This work addresses the local Markov property of quantum Gibbs states at arbitrary temperatures for finite-interaction-range Hamiltonians. Methodologically, it constructs a quasilocal recovery map via detailed-balance Lindblad dynamics for any local region, establishing a universal local Markov structure. The key innovation lies in rigorously connecting Dirichlet-form-based dissipative dynamics with the commutator-based static description under the KMS inner product, combined with imaginary-time evolution regularization, conditional mutual information (CMI) analysis, and explicit quantum circuit construction. The results show that CMI decays exponentially below the screening distance; for D-dimensional lattices, an ε-approximate Gibbs state admits a quantum circuit of depth bounded by $e^{O(log^D(n/varepsilon))}$, improvable under a local spectral gap assumption. These findings provide novel theoretical tools for quantum thermodynamics and mixing-time analysis of quantum many-body systems.
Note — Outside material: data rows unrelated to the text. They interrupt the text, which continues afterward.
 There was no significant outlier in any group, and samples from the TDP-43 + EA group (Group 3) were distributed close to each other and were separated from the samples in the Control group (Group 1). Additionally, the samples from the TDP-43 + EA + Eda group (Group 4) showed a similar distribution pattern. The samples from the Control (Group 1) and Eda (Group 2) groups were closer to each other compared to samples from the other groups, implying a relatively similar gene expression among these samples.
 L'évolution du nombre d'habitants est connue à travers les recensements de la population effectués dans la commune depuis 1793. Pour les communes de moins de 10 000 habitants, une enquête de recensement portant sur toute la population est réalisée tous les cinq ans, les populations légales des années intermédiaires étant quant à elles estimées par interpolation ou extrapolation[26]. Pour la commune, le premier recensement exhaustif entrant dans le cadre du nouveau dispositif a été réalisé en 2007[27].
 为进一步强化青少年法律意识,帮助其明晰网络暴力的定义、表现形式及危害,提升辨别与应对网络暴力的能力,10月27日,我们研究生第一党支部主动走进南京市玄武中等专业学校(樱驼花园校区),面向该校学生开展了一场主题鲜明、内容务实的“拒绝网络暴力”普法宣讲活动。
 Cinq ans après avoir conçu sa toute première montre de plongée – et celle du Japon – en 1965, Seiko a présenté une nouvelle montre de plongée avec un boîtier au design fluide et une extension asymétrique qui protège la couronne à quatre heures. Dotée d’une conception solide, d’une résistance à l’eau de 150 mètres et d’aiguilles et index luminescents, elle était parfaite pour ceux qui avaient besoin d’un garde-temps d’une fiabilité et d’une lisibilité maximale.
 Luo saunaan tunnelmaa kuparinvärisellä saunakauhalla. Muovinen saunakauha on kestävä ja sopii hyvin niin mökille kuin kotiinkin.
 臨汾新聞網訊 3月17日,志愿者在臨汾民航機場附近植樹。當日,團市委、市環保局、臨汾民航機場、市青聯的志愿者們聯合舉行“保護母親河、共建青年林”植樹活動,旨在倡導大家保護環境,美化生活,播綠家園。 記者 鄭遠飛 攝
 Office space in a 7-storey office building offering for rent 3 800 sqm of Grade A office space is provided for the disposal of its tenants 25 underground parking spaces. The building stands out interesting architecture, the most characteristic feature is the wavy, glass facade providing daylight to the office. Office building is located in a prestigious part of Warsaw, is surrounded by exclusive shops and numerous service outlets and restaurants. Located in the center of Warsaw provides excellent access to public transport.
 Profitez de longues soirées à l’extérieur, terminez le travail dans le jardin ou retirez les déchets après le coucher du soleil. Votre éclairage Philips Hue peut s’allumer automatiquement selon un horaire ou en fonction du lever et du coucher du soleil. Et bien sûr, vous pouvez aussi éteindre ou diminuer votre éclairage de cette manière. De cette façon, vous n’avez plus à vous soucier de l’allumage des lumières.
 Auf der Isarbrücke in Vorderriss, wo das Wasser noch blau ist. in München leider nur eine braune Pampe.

The Markov property entails the conditional independence structure inherent in Gibbs distributions for general classical Hamiltonians, a feature that plays a crucial role in inference, mixing time analysis, and algorithm design. However, much less is known about quantum Gibbs states. In this work, we show that for any Hamiltonian with a bounded interaction degree, the quantum Gibbs state is locally Markov at arbitrary temperature, meaning there exists a quasi-local recovery map for every local region. Notably, this recovery map is obtained by applying a detailed-balanced Lindbladian with jumps acting on the region. Consequently, we prove that (i) the conditional mutual information (CMI) for a shielded small region decays exponentially with the shielding distance, and (ii) under the assumption of uniform clustering of correlations, Gibbs states of general non-commuting Hamiltonians on $D$-dimensional lattices can be prepared by a quantum circuit of depth $e^{O(log^D(n/epsilon))}$, which can be further reduced assuming certain local gap condition. Our proofs introduce a regularization scheme for imaginary-time-evolved operators at arbitrarily low temperatures and reveal a connection between the Dirichlet form, a dynamic quantity, and the commutator in the KMS inner product, a static quantity. We believe these tools pave the way for tackling further challenges in quantum thermodynamics and mixing times, particularly in low-temperature regimes.